(Records for the exercise)
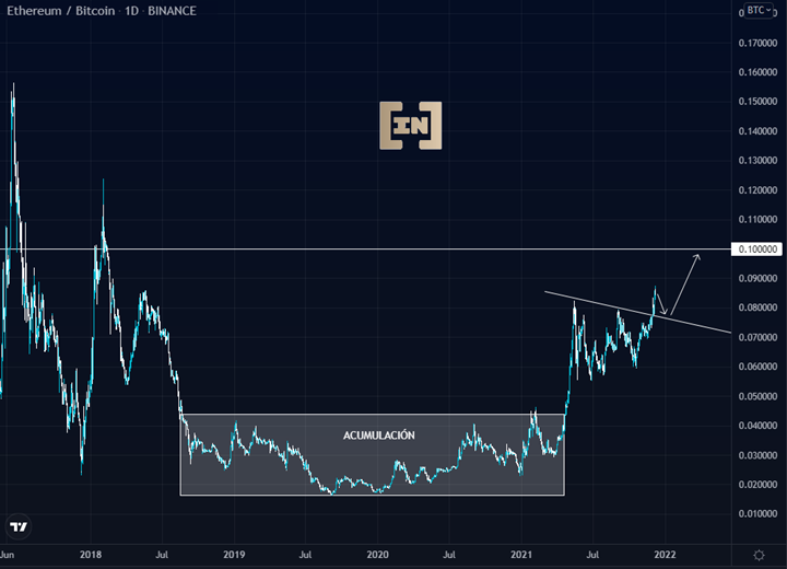 También cabe recalcar que ETH contra el par BTC ha venido teniendo un largo lapso de acumulación entre 2019 y 2020, lo que proyectaría a ETH continuar dentro de un patrón ascendente.
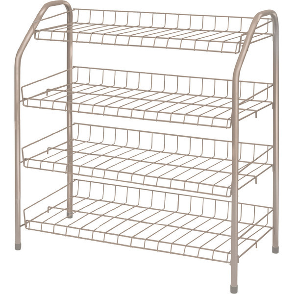 Этажерка имеет четыре решетчатых полки, которые обеспечивают отличную вентиляцию и позволяют хранить обувь в идеальном состоянии. Две боковые ручки делают ее перемещение легким и удобным. Эта модель подходит для использования в прихожей, ванной комнате или даже на балконе, что делает ее универсальным решением для любого пространства.
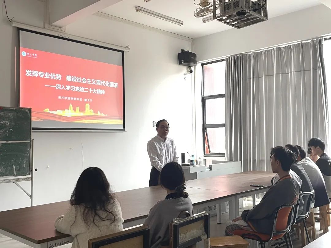 美术公司党委书记蔡卡宁以《发挥专业优势 建设社会主义现代化国家——深入学习党的二十大精神》为主题为2021级美术学1班讲授“思政第一课”。课堂上,蔡卡宁书记以党的二十大报告核心概念——中国式现代化为切入点,深入分析了实现中国式现代化的基础条件、思想引领、总体谋划、具体部署和政治保障等具体内容与逻辑联系,激励同学们务必不忘初心、牢记使命,谦虚谨慎、艰苦奋斗,不断夯实专业基础,发挥专业优势,服务社会,为全面建设社会主义现代化国家、全面推进中华民族伟大复兴而团结奋斗!
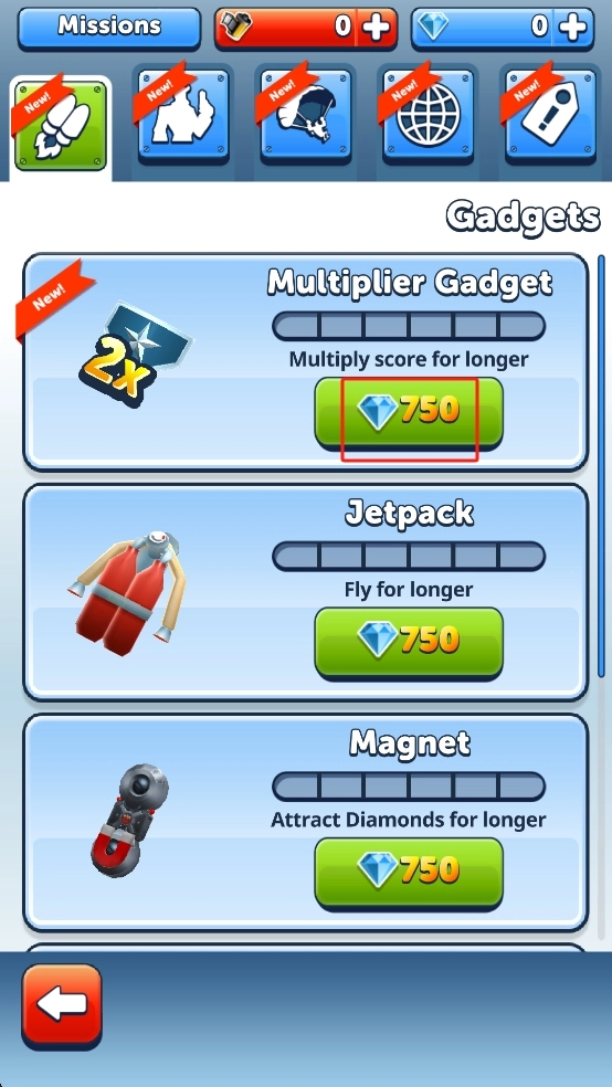 3、单次奔跑结束后,界面会显示本次奔跑距离和钻石数量,可用来购买道具或升级能力,提升得分倍率助力后续的跑酷。
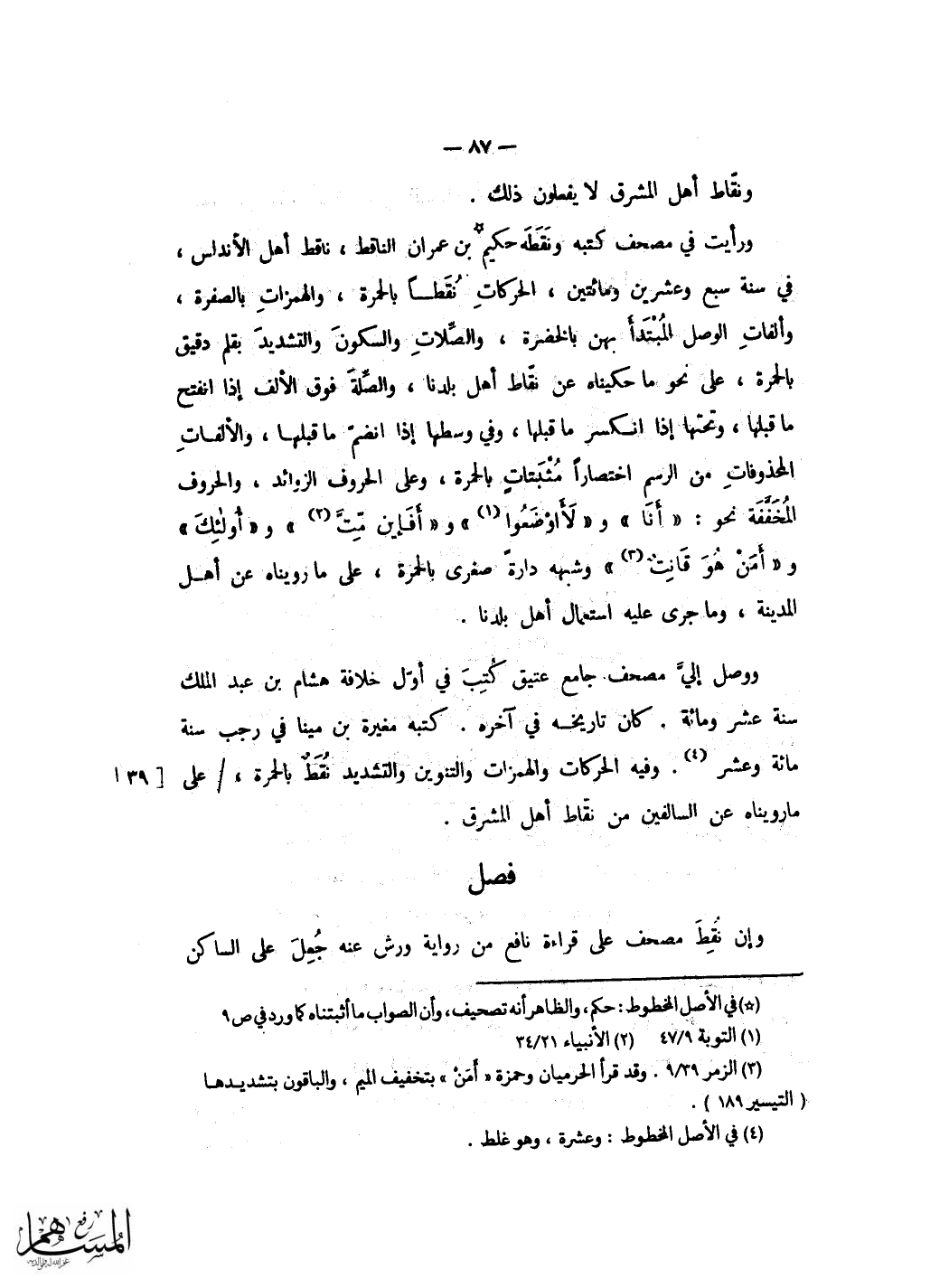 واما الالف فنحو قَوْله أَيْن شركاءي وَمن وراءى ودعاءى وءاباءى وَشبهه مِمَّا الْيَاء فِيهِ للمتكلم وَكَذَلِكَ اسراءيل حَيْثُ وَقع وَكَذَلِكَ الئى حَيْثُ وَقع على قِرَاءَة من اثْبتْ بعد الْهمزَة الْيَاء الاصلية وَكَذَلِكَ ميكاءيل على قِرَاءَة من همز واثبت بعد الْهمزَة يَاء
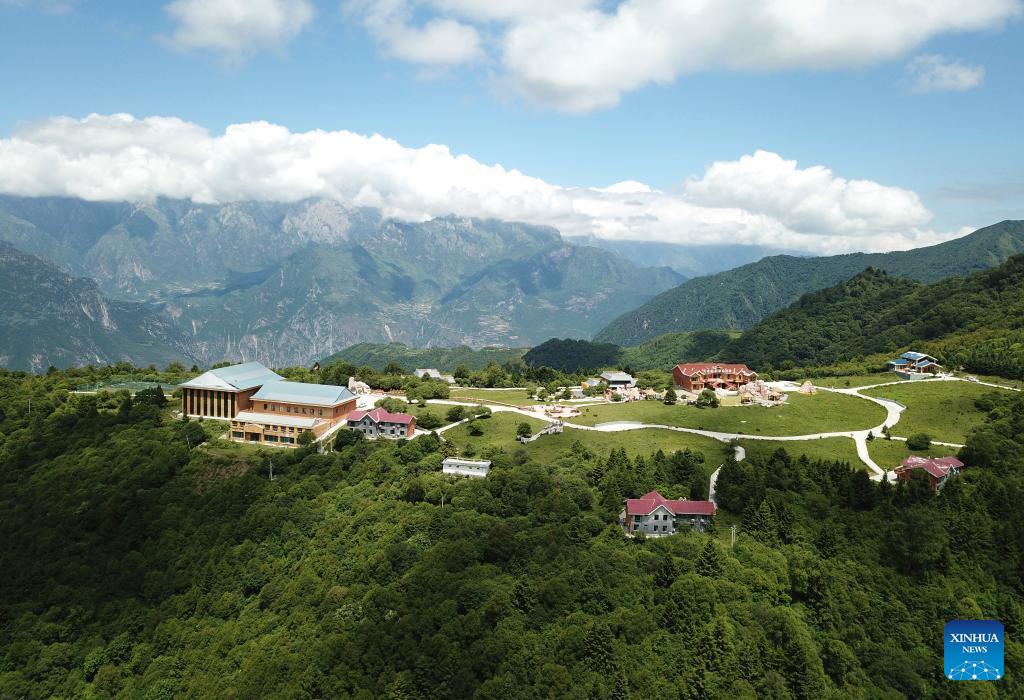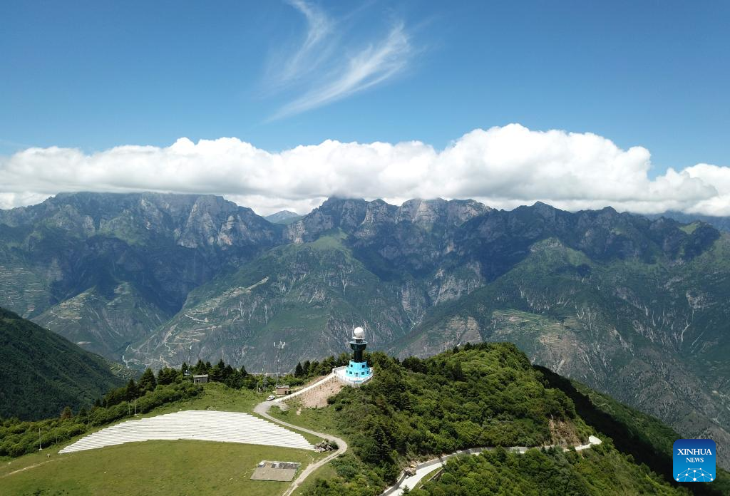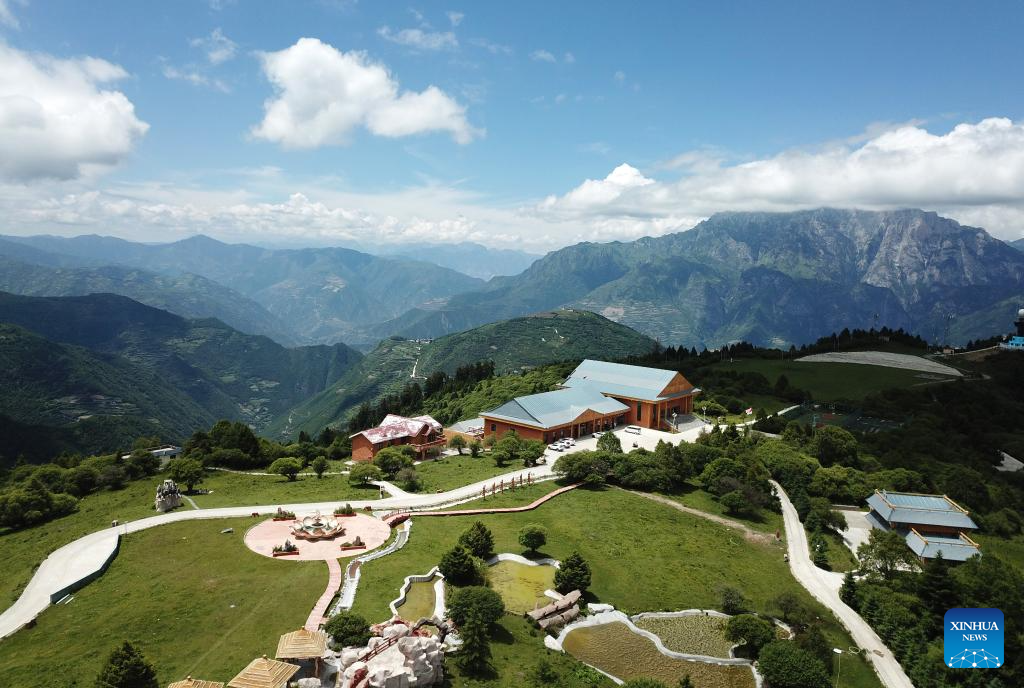 This aerial drone photo taken on July 12, 2025 shows the view of Lagashan Mountain in Zhouqu County, Gannan Tibetan Autonomous Prefecture, northwest China's Gansu Province. (Xinhua/Chen Bin)
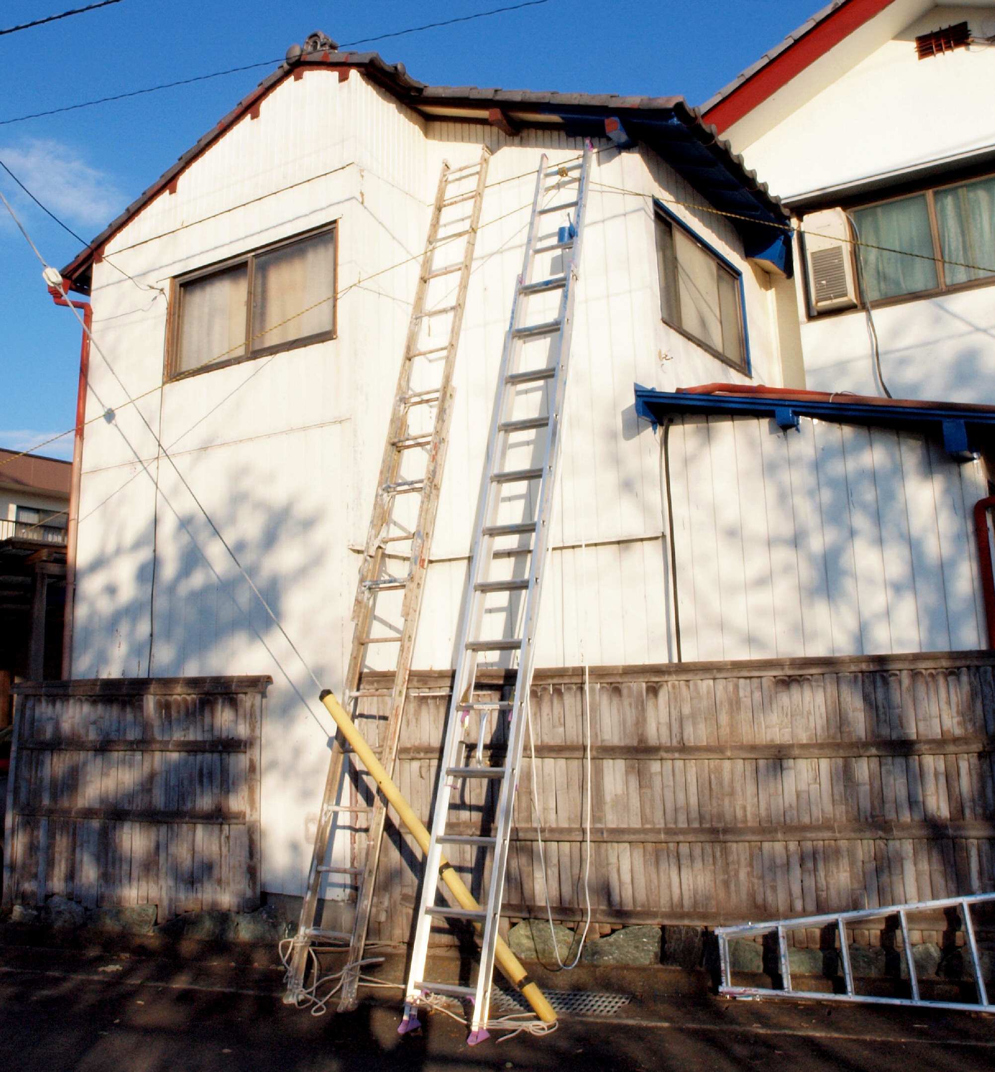 | C1. 平成25年塗装中 2段ハシゴは2方向にトラを取る。念の為、足も固定する。 |
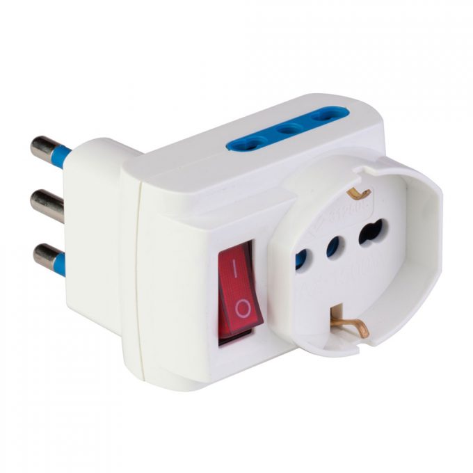 Adattatore con spina 16 A 2P+T, 2 prese bivalenti 10 / 16 A 2P+T, 1 presa pluristandard 10 / 16 A 2P+T (standard italiano 10 / 16 A e tedesco 16 A con terra laterale) 250 V~ e interruttore luminoso. Colore: bianco. Le prese fuori asse permettono l’utilizzo di tutti i frutti presenti nella placca. Le prese bivalenti consentono il collegamento di tutte le spine standard italiano. La presa pluristandard consente il collegamento di tutte le spine standard italiano e tedesco. Spegnendo l’interruttore è inoltre possibile risparmiare energia elettrica ed eliminare lo stand-by dei dispositivi elettronici.
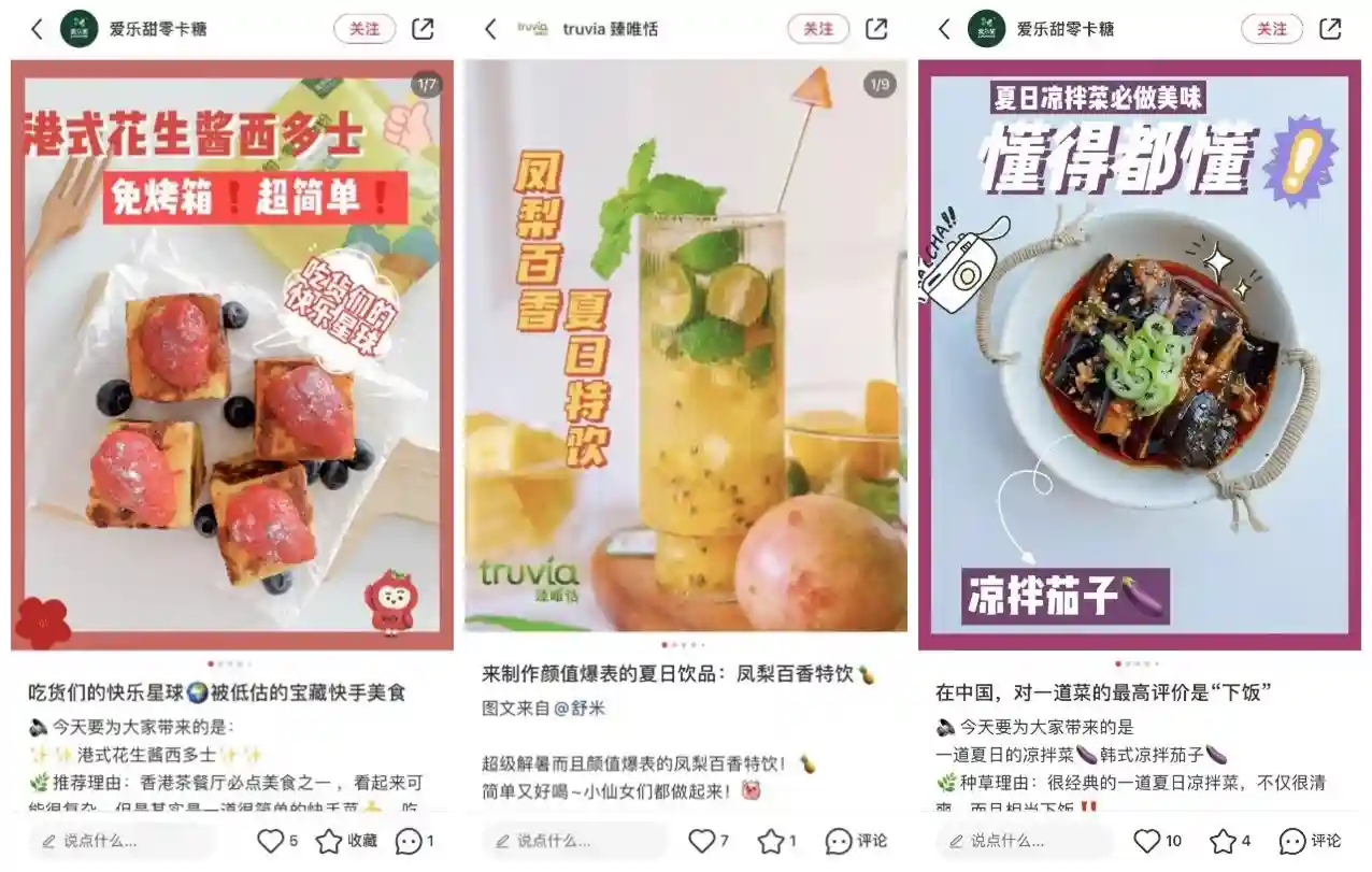 相较之下,专业代糖品牌则在进行更为系统化的市场教育。在小红书平台,爱乐甜、Truvia臻唯恬等品牌官方号的笔记大多围绕自制饮品、自制糕点、中餐教程展开,不断向消费者传达在日常饮食中用代糖替代蔗糖的理念。为了进一步扩大品牌影响力,禾甘在网综《星妈请回答》中进行了植入,爱乐甜则邀请了胡先煦担任品牌代言人。
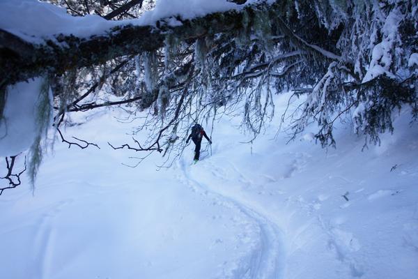 Die satte, weiche Pulverauflage erlaubt uns trotz der zunehmenden Steilheit ein angenehmes Aufsteigen und wird uns im Gegensatz zu meiner Schitour auf den Keeskogel vor einigen Jahren auch eine gemütliche Abfahrt bescheren.
(End Records for the exercise)
▶ [What you are asked to do] Keep the pictures out of your copy. Copy only the lines from the line that holds "3、单次奔跑结束后,界面会显" through the last line of the listing above, both included.

▶ [Expected answer]
 3、单次奔跑结束后,界面会显示本次奔跑距离和钻石数量,可用来购买道具或升级能力,提升得分倍率助力后续的跑酷。
 واما الالف فنحو قَوْله أَيْن شركاءي وَمن وراءى ودعاءى وءاباءى وَشبهه مِمَّا الْيَاء فِيهِ للمتكلم وَكَذَلِكَ اسراءيل حَيْثُ وَقع وَكَذَلِكَ الئى حَيْثُ وَقع على قِرَاءَة من اثْبتْ بعد الْهمزَة الْيَاء الاصلية وَكَذَلِكَ ميكاءيل على قِرَاءَة من همز واثبت بعد الْهمزَة يَاء
 This aerial drone photo taken on July 12, 2025 shows the view of Lagashan Mountain in Zhouqu County, Gannan Tibetan Autonomous Prefecture, northwest China's Gansu Province. (Xinhua/Chen Bin)
 | C1. 平成25年塗装中 2段ハシゴは2方向にトラを取る。念の為、足も固定する。 |
 Adattatore con spina 16 A 2P+T, 2 prese bivalenti 10 / 16 A 2P+T, 1 presa pluristandard 10 / 16 A 2P+T (standard italiano 10 / 16 A e tedesco 16 A con terra laterale) 250 V~ e interruttore luminoso. Colore: bianco. Le prese fuori asse permettono l’utilizzo di tutti i frutti presenti nella placca. Le prese bivalenti consentono il collegamento di tutte le spine standard italiano. La presa pluristandard consente il collegamento di tutte le spine standard italiano e tedesco. Spegnendo l’interruttore è inoltre possibile risparmiare energia elettrica ed eliminare lo stand-by dei dispositivi elettronici.
 相较之下,专业代糖品牌则在进行更为系统化的市场教育。在小红书平台,爱乐甜、Truvia臻唯恬等品牌官方号的笔记大多围绕自制饮品、自制糕点、中餐教程展开,不断向消费者传达在日常饮食中用代糖替代蔗糖的理念。为了进一步扩大品牌影响力,禾甘在网综《星妈请回答》中进行了植入,爱乐甜则邀请了胡先煦担任品牌代言人。
 Die satte, weiche Pulverauflage erlaubt uns trotz der zunehmenden Steilheit ein angenehmes Aufsteigen und wird uns im Gegensatz zu meiner Schitour auf den Keeskogel vor einigen Jahren auch eine gemütliche Abfahrt bescheren.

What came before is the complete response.